终末期肾病(ESRD)核心指标项目的主要目标是改善为ESRD患者提供的护理,并确定透析护理中间结果的分类变异性。当前分析的目的是将我们对不同种族和性别群体中ESRD护理中间结果变异性的观察扩展到一个此前未报告的群体——西班牙裔美国人。该群体是ESRD人群中一个重要且不断增长的少数群体。从1996年年末的ESRD患者普查中选取了符合医疗保险资格的成年、中心内血液透析患者的随机样本并进行分层。在最终样本的6858名患者中,45%为非西班牙裔白人,36%为非西班牙裔黑人,11%为西班牙裔。白人比黑人和西班牙裔年龄更大(P<0.001)。与黑人和白人相比,西班牙裔更有可能将糖尿病作为主要诊断(P<0.001)。尽管黑人接受血液透析的时间更长且使用高通量血液透析器进行治疗,但他们的血液透析剂量显著低于白人和西班牙裔患者(P<0.001)。
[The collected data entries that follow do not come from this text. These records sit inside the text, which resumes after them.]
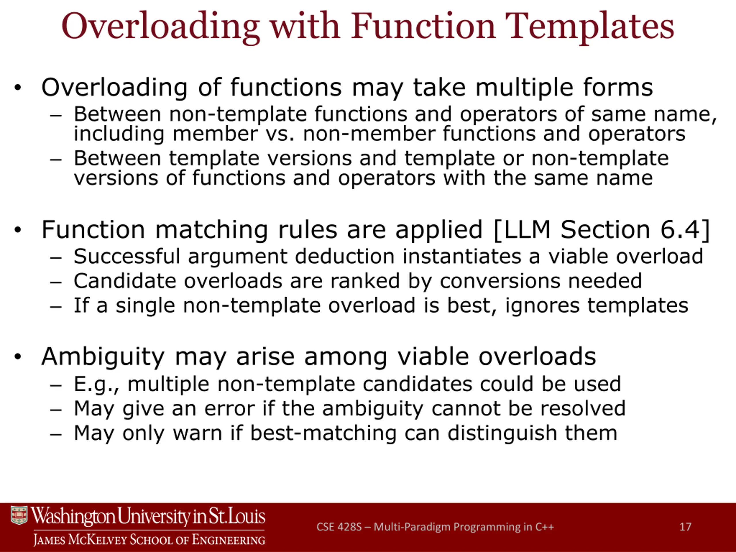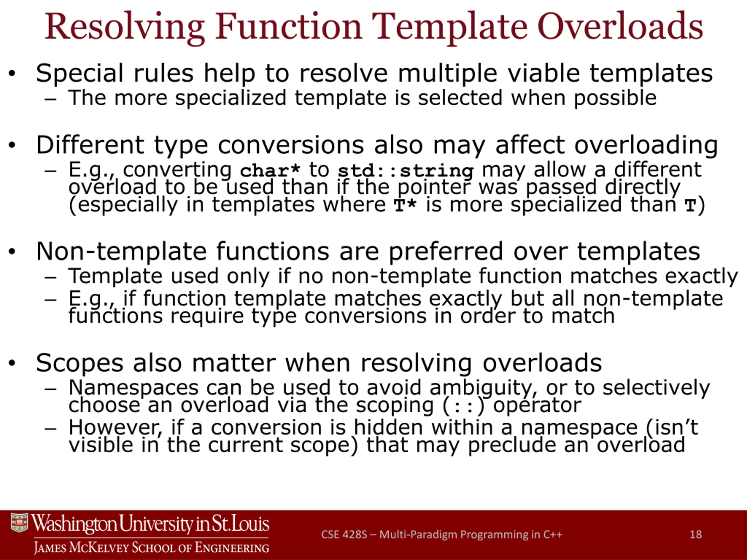 Overloading with Function Templates Overloading of functions may take multiple forms Between non-template functions and operators of same name, including member vs. non-member functions and operators Between template versions and template or non-template versions of functions and operators with the same name Function matching rules are applied [LLM Section 6.4] Successful argument deduction instantiates a viable overload Candidate overloads are ranked by conversions needed If a single non-template overload is best, ignores templates Ambiguity may arise among viable overloads E.g., multiple non-template candidates could be used May give an error if the ambiguity cannot be resolved May only warn if best-matching can distinguish them CSE 428S Multi-Paradigm Programming in C++ 17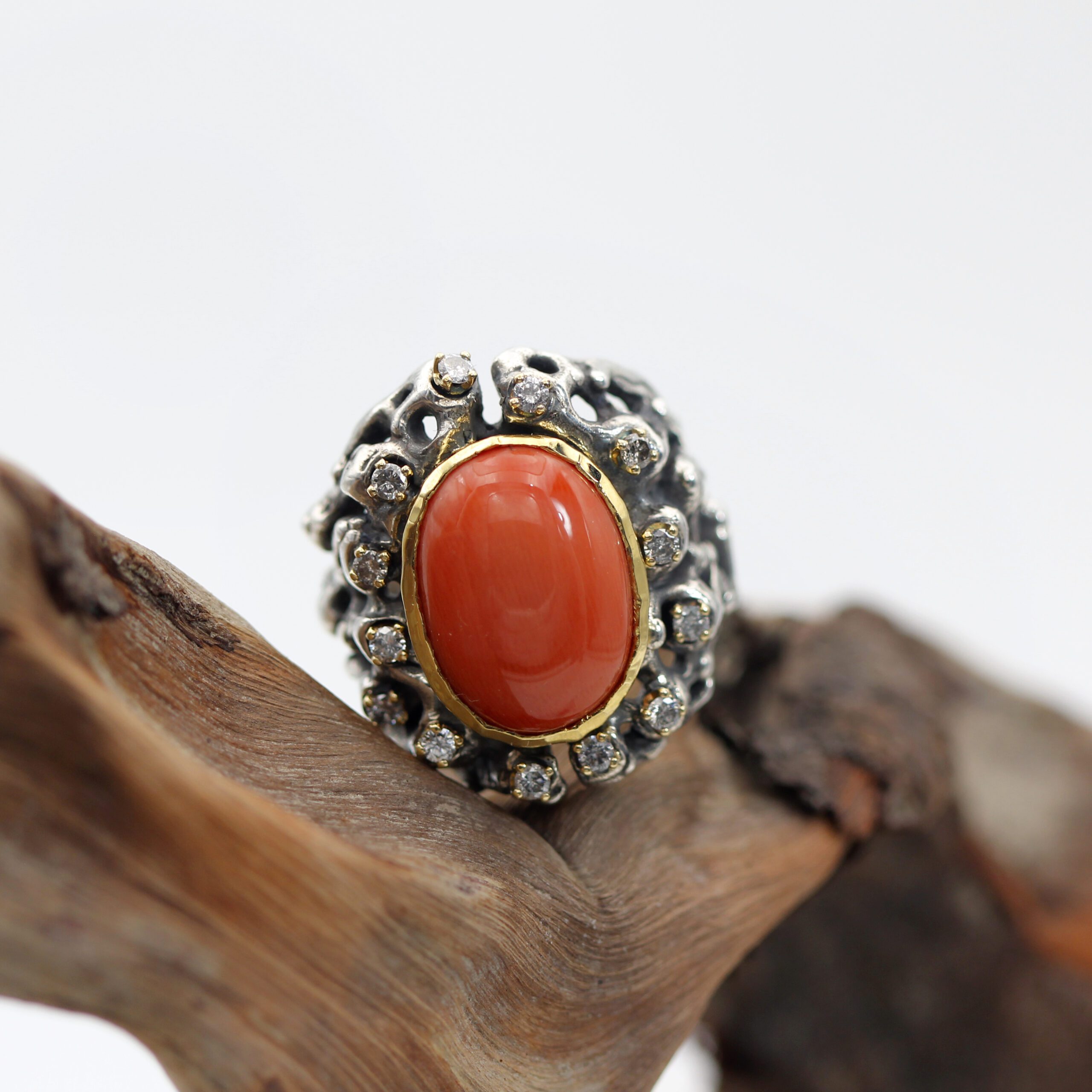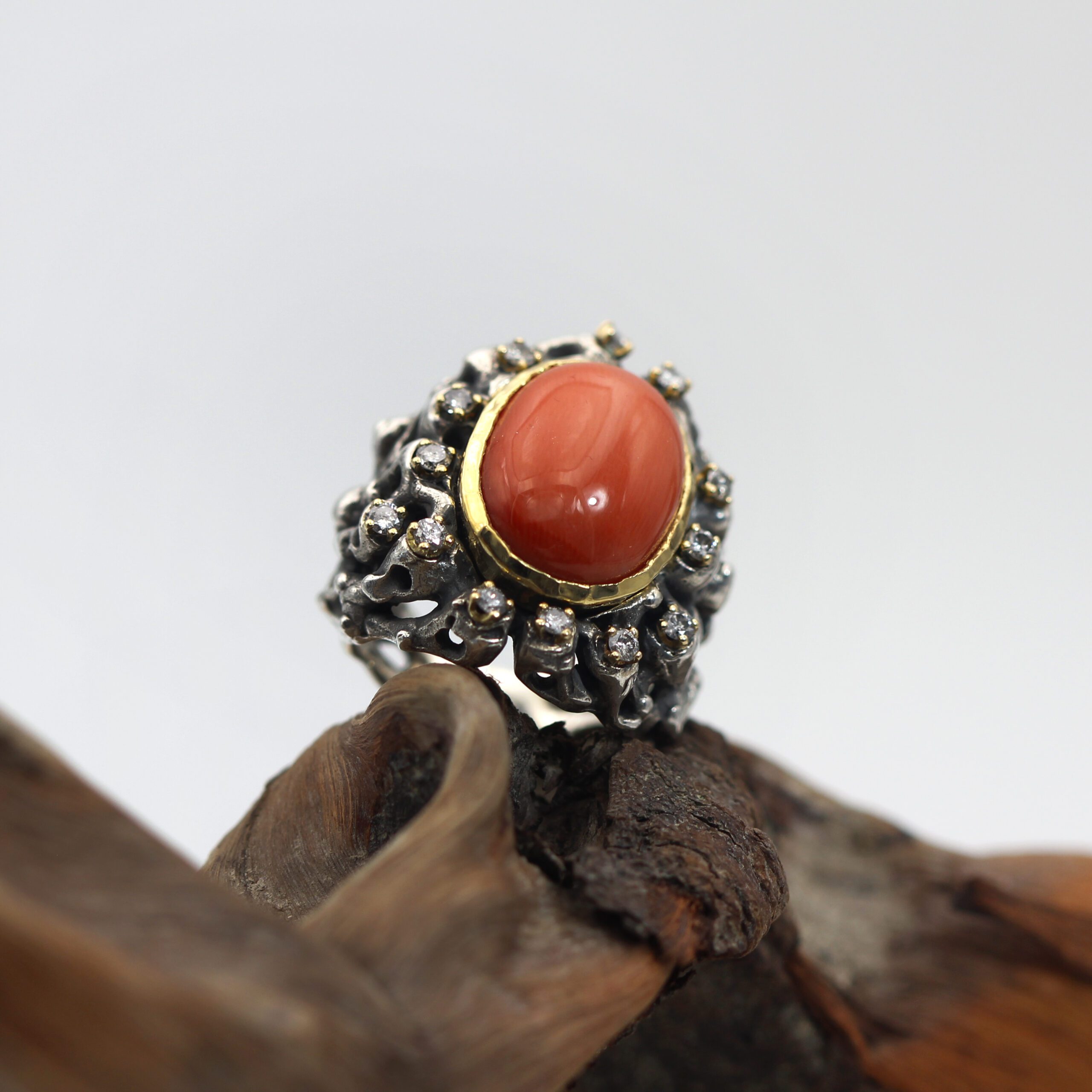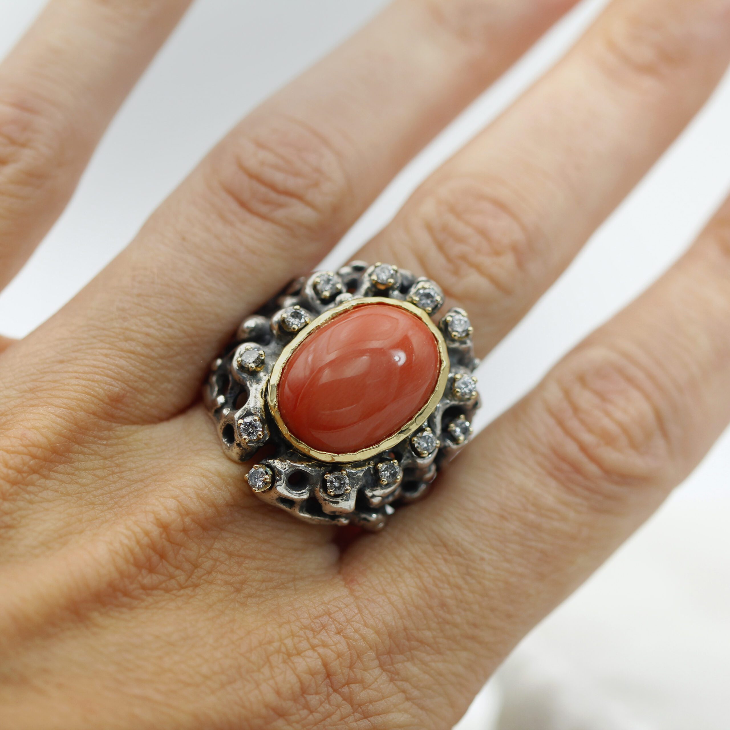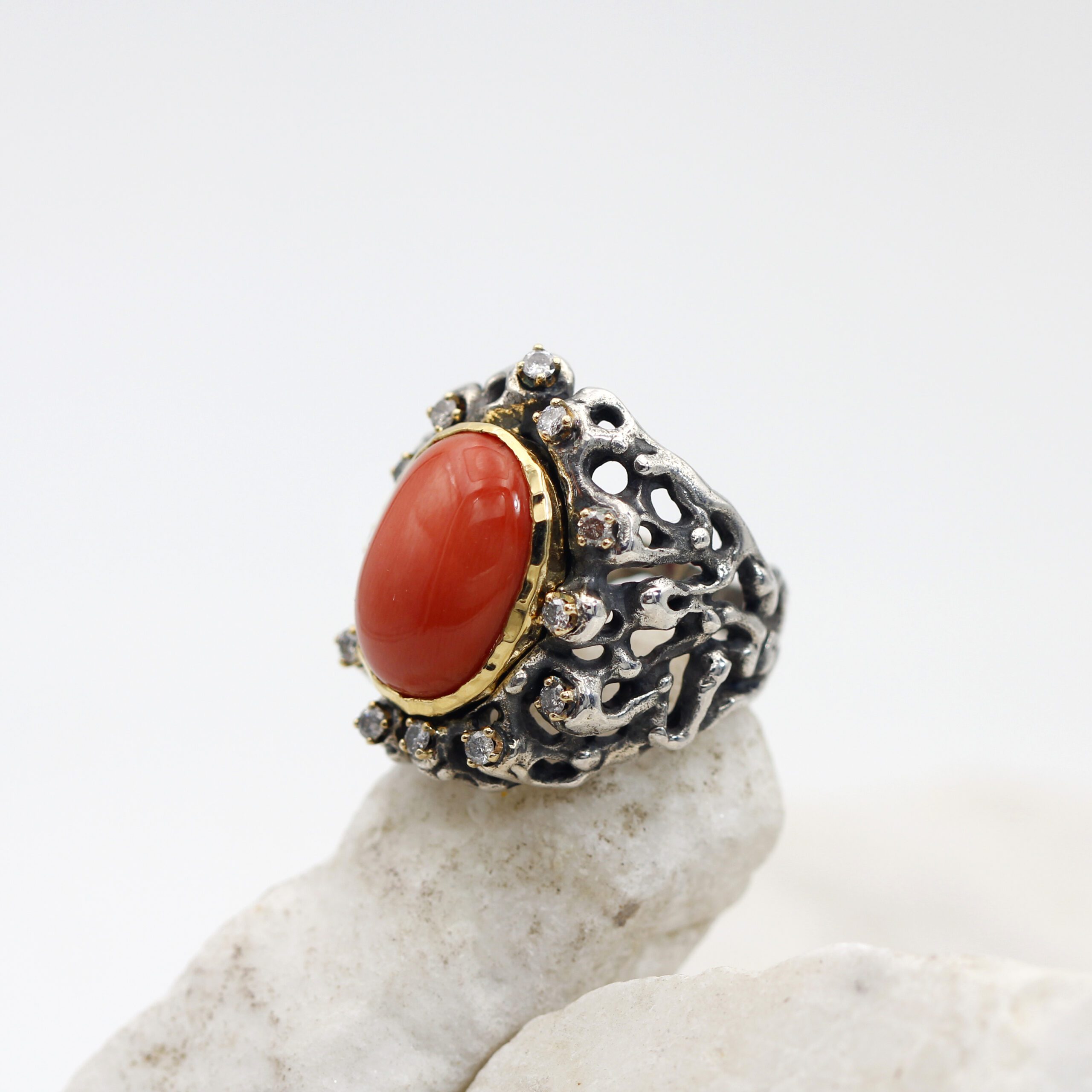 Silver Ring with Removable Gold Setting, Coral, and 13 Grey Diamonds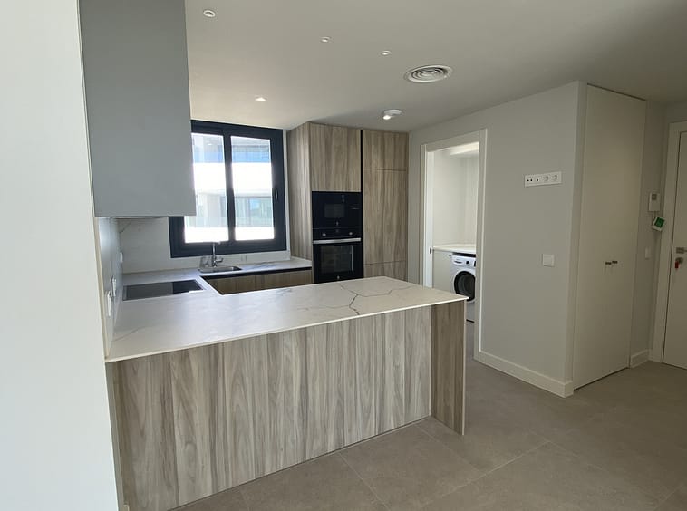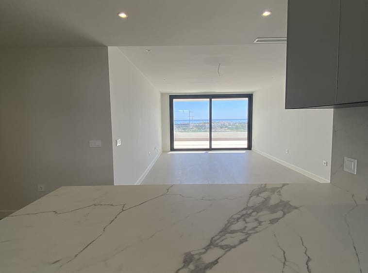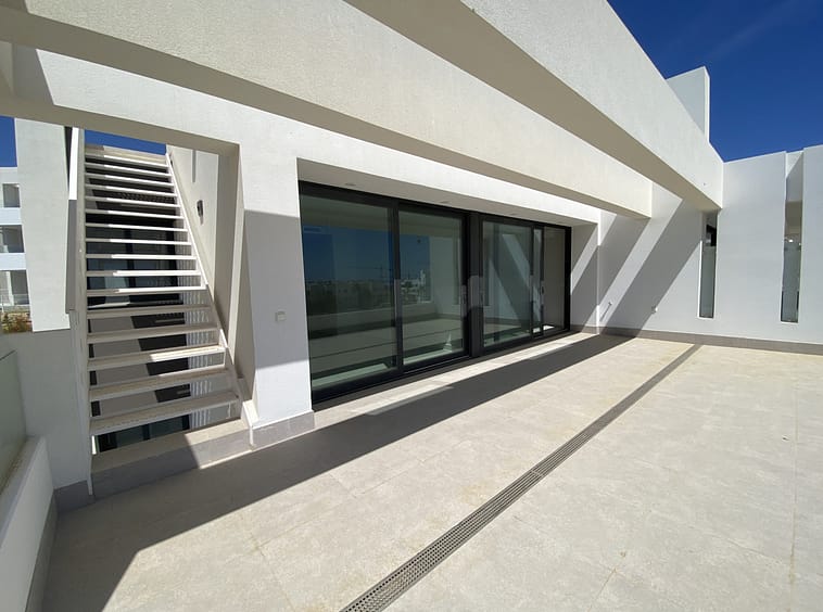 The home features three bright bedrooms and two elegant bathrooms. The open-plan living and dining area is filled with natural light, flowing seamlessly to a spacious private terrace. A true highlight is the massive rooftop solarium with panoramic sea views, also overlooking Azata’s 18-hole golf course — an exceptional setting for entertaining, dining al fresco, or simply enjoying long summer evenings.

黑人透析期间体重减轻更多(P<0.05)。无论以尿素清除率(URR)还是以Daugirdas第二代公式计算的Kt/V来衡量,黑人的实际血液透析剂量均低于白人和西班牙裔(中位数分别为1.32、1.36和1.37,P<0.001)。西班牙裔和白人的血细胞比容略高于黑人(分别为33.2%、33.2%和33.0%,P<0.01)。各组每周规定的促红细胞生成素α剂量之间无显著差异(约172单位/千克/周)。与其他两组相比,西班牙裔患者转铁蛋白饱和度≥20%的比例显著更高(P<0.001)。逻辑回归模型显示,白人血清白蛋白<3.5(BCG)/3.2(BCP)克/分升的可能性显著更高(OR 1.4,p<0.01);黑人实际Kt/V<1.2(OR 1.4,P<0.001)和血细胞比容<30%的可能性显著更高(OR 1.2;P<0.05),黑人和西班牙裔血清尿素清除率(URR)<65%的可能性均显著更高(分别为OR 1.5,P<0.001和OR 1.2,P<0.05)。